• PROVIDED MATERIAL
Segment Open

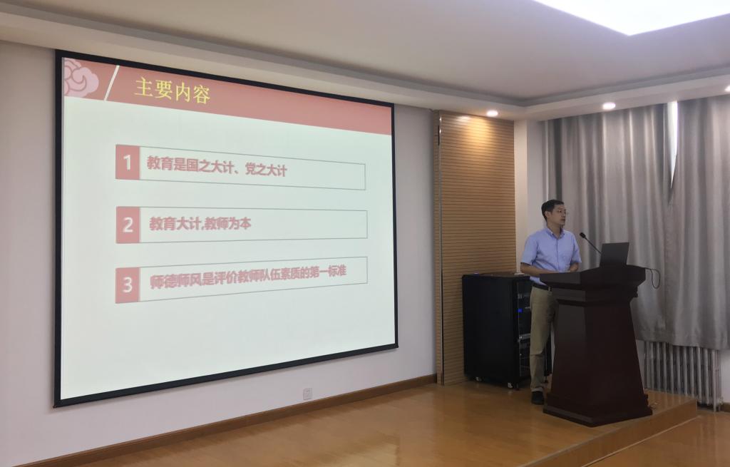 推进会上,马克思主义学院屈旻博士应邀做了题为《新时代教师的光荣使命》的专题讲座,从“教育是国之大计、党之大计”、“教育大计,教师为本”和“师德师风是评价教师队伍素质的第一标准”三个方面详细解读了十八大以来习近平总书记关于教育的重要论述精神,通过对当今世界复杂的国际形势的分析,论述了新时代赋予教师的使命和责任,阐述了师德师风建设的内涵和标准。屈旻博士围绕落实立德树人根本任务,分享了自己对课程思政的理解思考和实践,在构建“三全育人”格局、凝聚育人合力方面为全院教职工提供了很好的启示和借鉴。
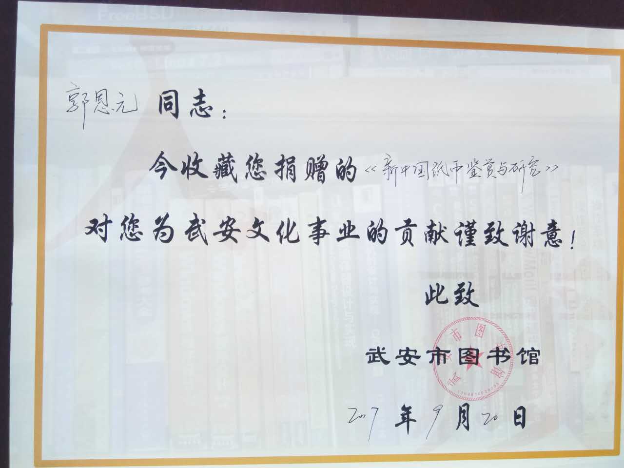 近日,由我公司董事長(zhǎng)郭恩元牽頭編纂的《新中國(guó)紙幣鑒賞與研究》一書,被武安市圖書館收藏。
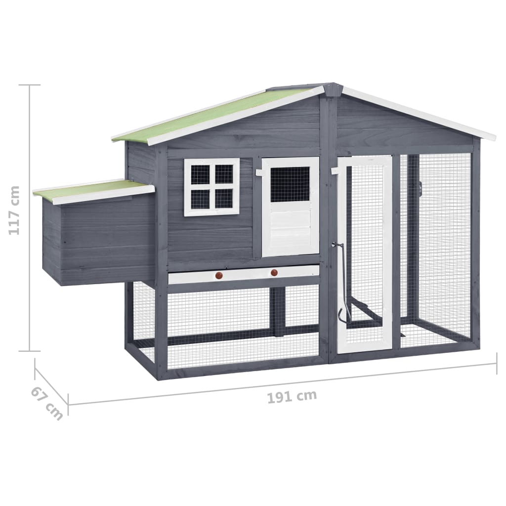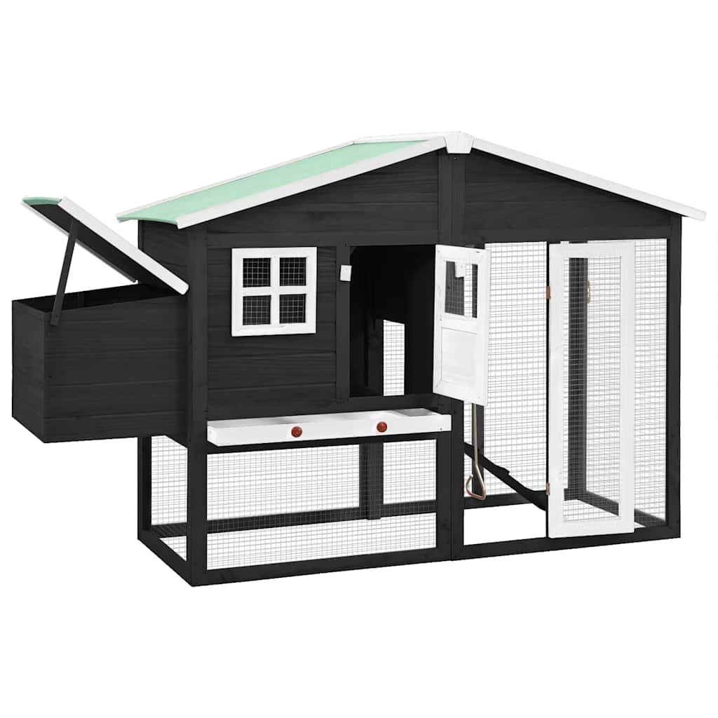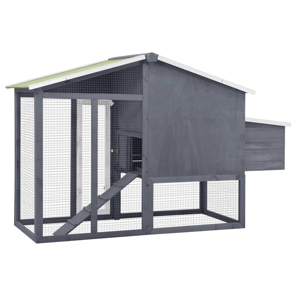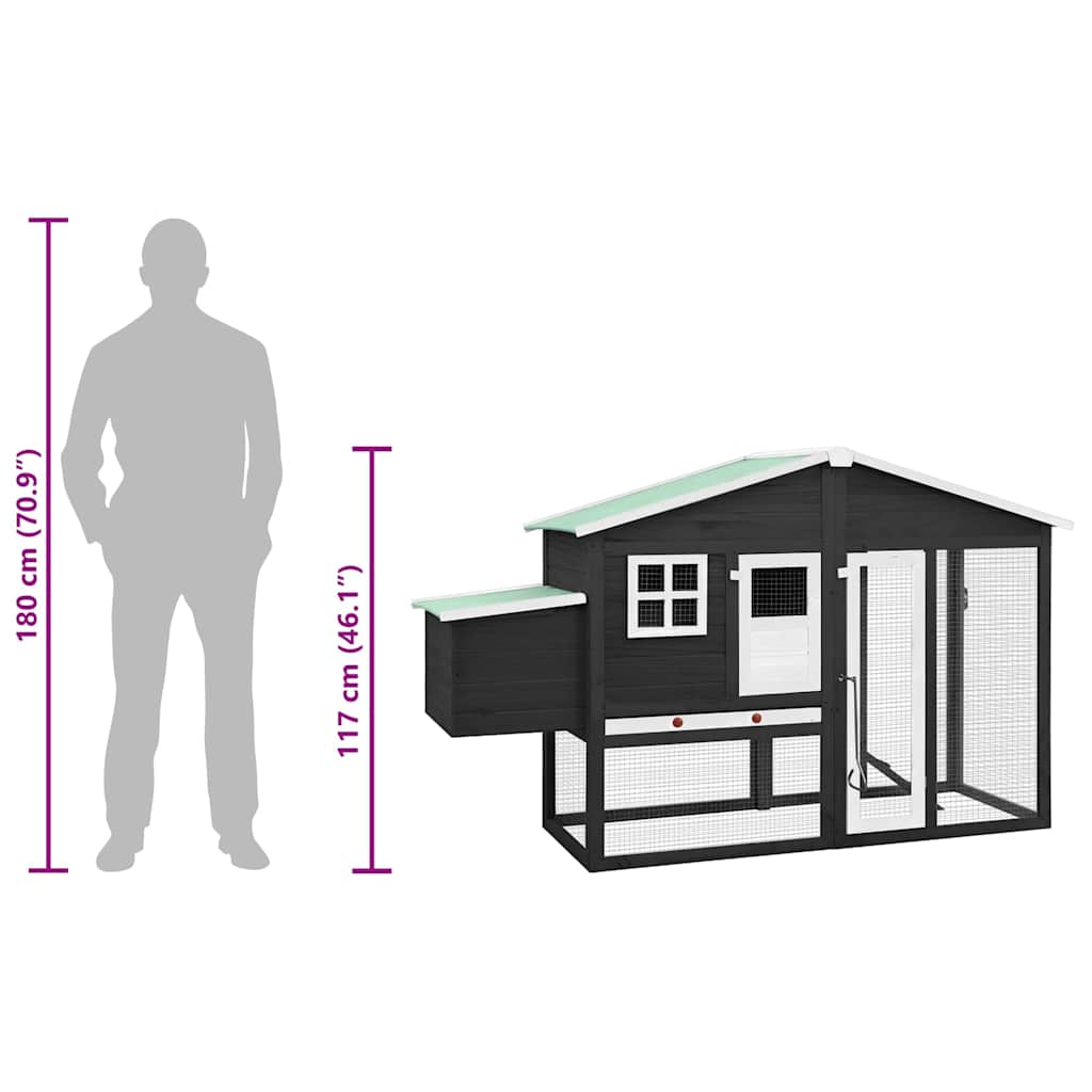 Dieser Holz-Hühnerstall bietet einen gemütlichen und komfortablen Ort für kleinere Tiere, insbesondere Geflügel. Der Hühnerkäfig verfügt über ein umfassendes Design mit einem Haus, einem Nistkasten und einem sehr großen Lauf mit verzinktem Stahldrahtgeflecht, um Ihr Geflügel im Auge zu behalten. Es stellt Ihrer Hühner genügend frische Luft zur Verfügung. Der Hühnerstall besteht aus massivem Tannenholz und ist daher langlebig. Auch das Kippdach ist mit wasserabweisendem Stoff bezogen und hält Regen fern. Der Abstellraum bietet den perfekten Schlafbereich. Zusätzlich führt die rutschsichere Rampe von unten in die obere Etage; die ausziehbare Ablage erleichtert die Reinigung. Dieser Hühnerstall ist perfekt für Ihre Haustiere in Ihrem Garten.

Segment Closed
Segment Open

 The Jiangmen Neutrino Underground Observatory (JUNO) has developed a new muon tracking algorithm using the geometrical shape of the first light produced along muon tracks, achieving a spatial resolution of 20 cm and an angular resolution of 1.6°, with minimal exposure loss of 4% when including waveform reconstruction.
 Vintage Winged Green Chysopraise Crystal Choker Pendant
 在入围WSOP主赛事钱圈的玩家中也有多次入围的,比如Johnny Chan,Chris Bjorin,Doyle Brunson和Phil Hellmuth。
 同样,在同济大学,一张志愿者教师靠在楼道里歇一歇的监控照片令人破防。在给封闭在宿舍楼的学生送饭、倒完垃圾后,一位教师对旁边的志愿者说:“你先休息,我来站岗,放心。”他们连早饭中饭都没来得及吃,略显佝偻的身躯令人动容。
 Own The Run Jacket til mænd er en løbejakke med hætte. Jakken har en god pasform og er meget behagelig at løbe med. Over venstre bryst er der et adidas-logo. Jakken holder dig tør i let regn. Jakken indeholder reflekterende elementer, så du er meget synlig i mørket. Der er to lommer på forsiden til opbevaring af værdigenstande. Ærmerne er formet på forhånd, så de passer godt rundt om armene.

Segment Closed

Within the data above, the span starting at the line containing "Vintage Winged Green" and ending at the line containing "Own The Run" is to be retyped exactly, with no other lines.

• ANSWER TO THE PROBLEM
 Vintage Winged Green Chysopraise Crystal Choker Pendant
 在入围WSOP主赛事钱圈的玩家中也有多次入围的,比如Johnny Chan,Chris Bjorin,Doyle Brunson和Phil Hellmuth。
 同样,在同济大学,一张志愿者教师靠在楼道里歇一歇的监控照片令人破防。在给封闭在宿舍楼的学生送饭、倒完垃圾后,一位教师对旁边的志愿者说:“你先休息,我来站岗,放心。”他们连早饭中饭都没来得及吃,略显佝偻的身躯令人动容。
 Own The Run Jacket til mænd er en løbejakke med hætte. Jakken har en god pasform og er meget behagelig at løbe med. Over venstre bryst er der et adidas-logo. Jakken holder dig tør i let regn. Jakken indeholder reflekterende elementer, så du er meget synlig i mørket. Der er to lommer på forsiden til opbevaring af værdigenstande. Ærmerne er formet på forhånd, så de passer godt rundt om armene.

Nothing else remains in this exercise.